According to the opposition newspaper Le Togolais, Akitani and the UFC have claimed victory, despite the 35% that the official partial results have credited him with (against 59% for Éyadema). The UFC alleges massive fraud and vote rigging on the part of the regime. This after Éyadema forced through constitutional changes abolishing the two-term presidential limit. A strong man rigging the constitution and stuffing the ballot boxes, the opposition claiming fraud, sadly this is not unusual in Africa.

What intrigues me, however, is the apparent strategy being followed by the UFC. It is using the non-state media to create the impression in people’s minds that it actually won the election (which may well indeed be true). For example, a CTR press release (the CTR is an umbrella opposition group) thanked the Togolese people for “having fired the despot Étienne Gnassingbé Éyadema” while guarding against “any unseemly triumphalism” and encouraging “all Togolese democrats to put aside their personal quarrels to support, without second thoughts, Emmanuel Bob Akitani, the democratically elected president of all the Togolese.” They added that this was done “despite maneuvers, crimes and frauds of an unlimited nature.” Akitani himself launched “a solemn appeal to the Togolese people, united against one man, to defend our victory.”

This seems in many ways similar to the strategy used by Marc Ravolomanana in Madagascar in 2002. Much like Akitani, Ravolomanana was up against a veteran military leader: Didier Ratsiraka who’d been in power since 1975. Madagascar’s capital was a bastion of opposition support, much like Togo’s Lomé.

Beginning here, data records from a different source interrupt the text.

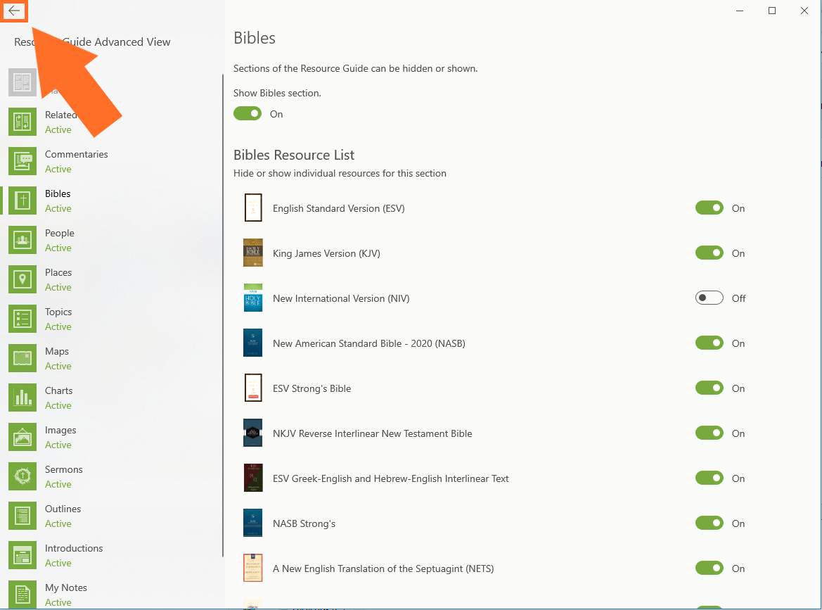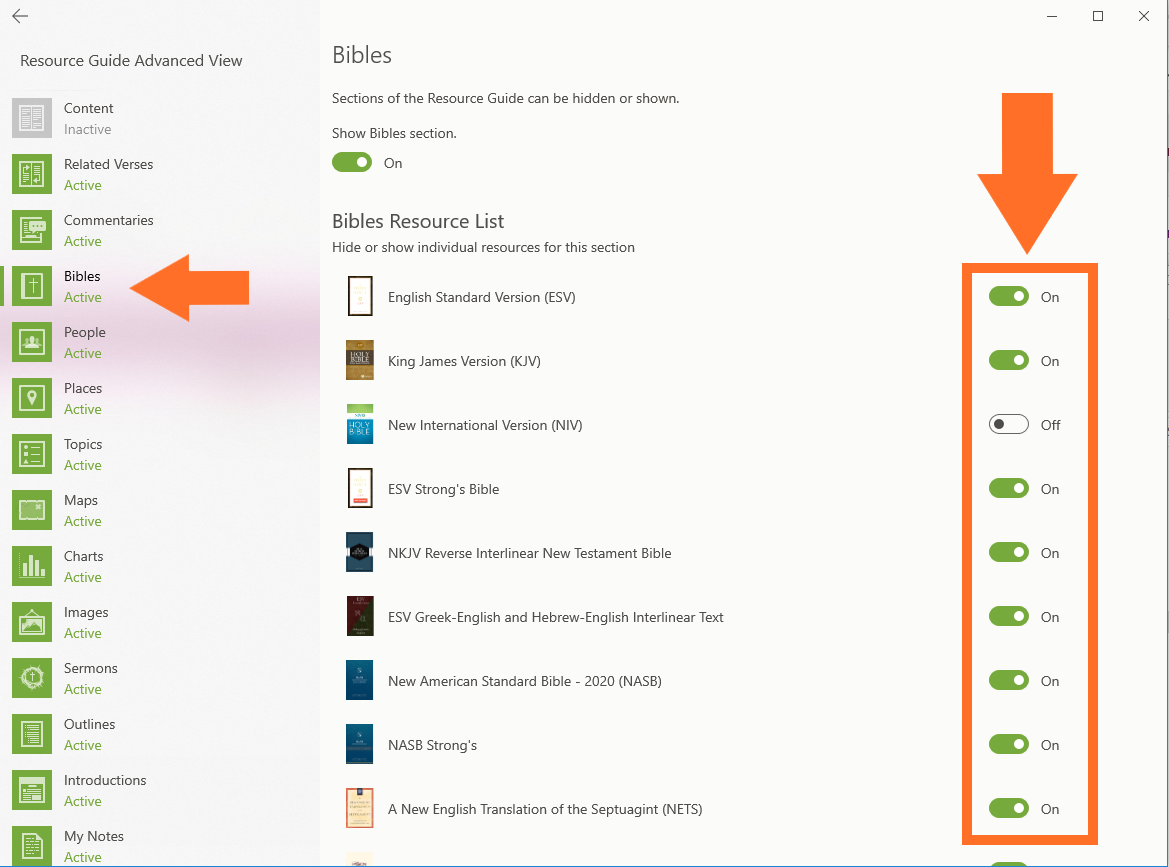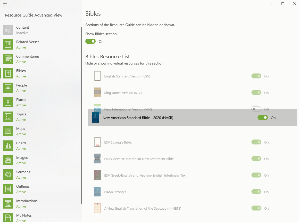 Once you click on Advanced View, you will see an icon for each section of the Resource Guide to the left side. Click on an icon here. When the page for that section opens, you will see another place to enable or disable the section using the toggle. You will also see a way to enable and disable each downloaded resource by using the toggle to the right of each resource. This enables you to control the content you see in each section of the Resource Guide.
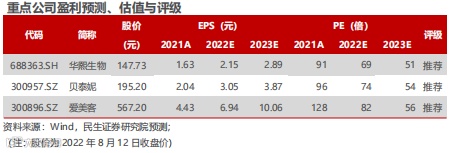 短期角度:看好疫后消费复苏下,医美需求反弹拉动产品销售增长;长期角度:一方面,国内医美渗透率仍处在较低水平,同时政策大力推动重组胶原蛋白等多种医美产品研发布局,拉动市场供给多样化,增强消费者对医美认知,同时规范化行业发展,保障行业能够持续性稳步向上。
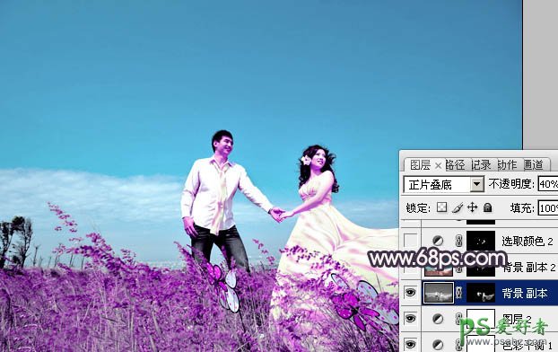 7、新建一个图层,按Ctrl + Alt + Shift + E 盖印图层。按Ctrl + Shift + U 去色。混合模式改为“正片叠底”,不透明度改为:40%,按住Alt键添加图层蒙版,用白色画笔把人物衣服部分擦出来,效果如下图。这一步增加衣服细节。

Ratsiraka, like Éyadema, had become a pariah of the international community. In Madagascar, the opposition used its support in the capital (of which Ravolomanana was mayor) to take control of government buildings and set up a de facto alternate government, to protest the official ruling that it did not receive the majority of the presidential vote. Eventually, it expanded its influence and become the de facto government in much of the country. Once Ratsiraka’s forces collapsed, that status was officialized when the Ravolomanana government was recognized by the international community. It will be interesting to see if Togo’s opposition opts for a similar strategy.

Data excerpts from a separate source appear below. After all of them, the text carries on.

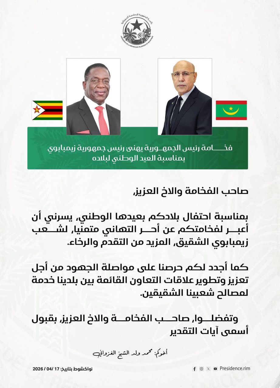 وجه فخامة رئيس الجمهورية، السيد محمد ولد الشيخ الغزواني، اليوم الجمعة، برقية تهنئة إلى فخامة السيد إمرسون منانغاغوا، رئيس جمهورية زيمبابوي، وذلك بمناسبة احتفال بلاده بعيدها الوطني.
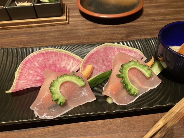 鹿児島、奄美大島、沖縄の料理での共通となると豚肉であろうか。此処でも甘辛く煮込んだ厚切りの豚肉が供され、上にゴーヤと辛子が添えてある。ラフテーに似た様なものだが肉に味付けがよくしゅんでおり、とても楽しめた。
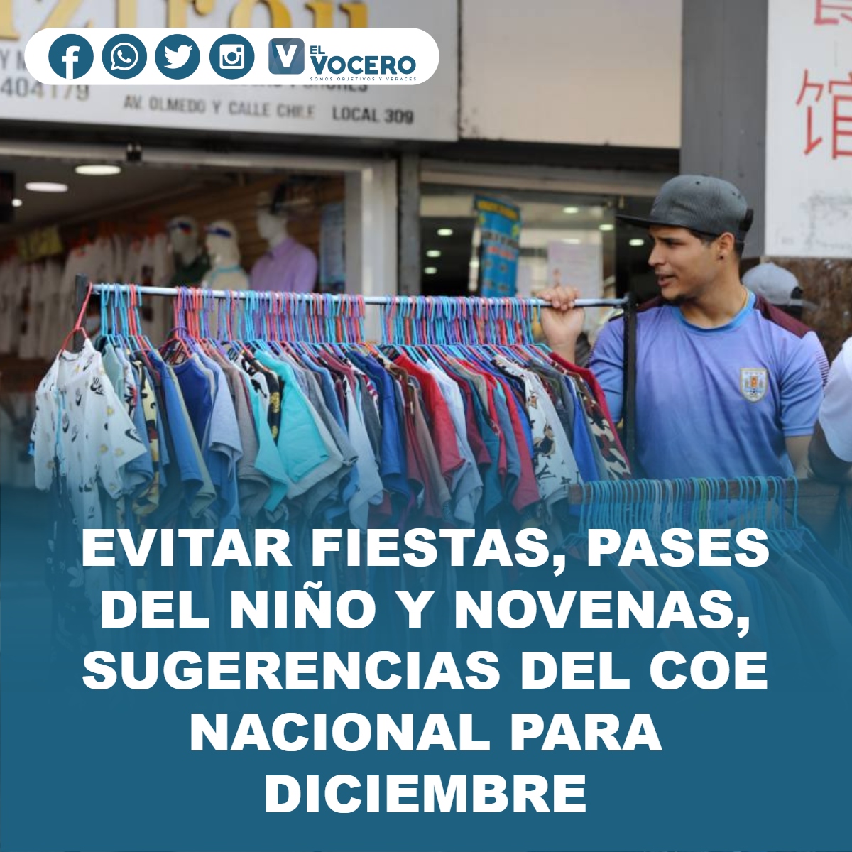 Con miras a que no se den aglomeraciones durante diciembre, uno de los meses de mayor actividad comercial por el pago del decimotercer sueldo a quienes trabajan bajo relación de dependencia, el COE nacional propuso también que los COE cantonales de los 221 municipios del país dispongan restricciones vehiculares los días 24 y 25 de diciembre, al igual que el 31 de diciembre de 2020 y el 1 de enero de 2021.

There are a few important differences. Éyadema has tried to counter his pariah status by acting as a mediator in many West African crises. This has bought him some goodwill among neighboring leaders. Furthermore, Éyadema has used that instability in other West African countries as an example as to why he should remain in power: he represents stability and the opposition represents chaos… a classic dictator’s ploy.

Éyadema has also proven even more ruthless than Ratsiraka over the years in cracking down on opposition. Already, two leaders of the UFC have been arrested by the police. Some 70% of the Togolese army come from the same region as Éyadema and the military’s loyalty is not thought to be suspect. And the millionaire Ravolomanana was the charismatic natural leader of the Malagasy opposition. Akitani is the second choice of his own party and it remains to be seen if he’ll be taken seriously as his own man or as be perceived a puppet of Olympio. But if Togolese are as sick of Éyadema’s oppression, mismanagement and corruption as many believe, then it may not matter.

No matter what happens, interesting days are sure to follow in one of West Africa’s smallest countries.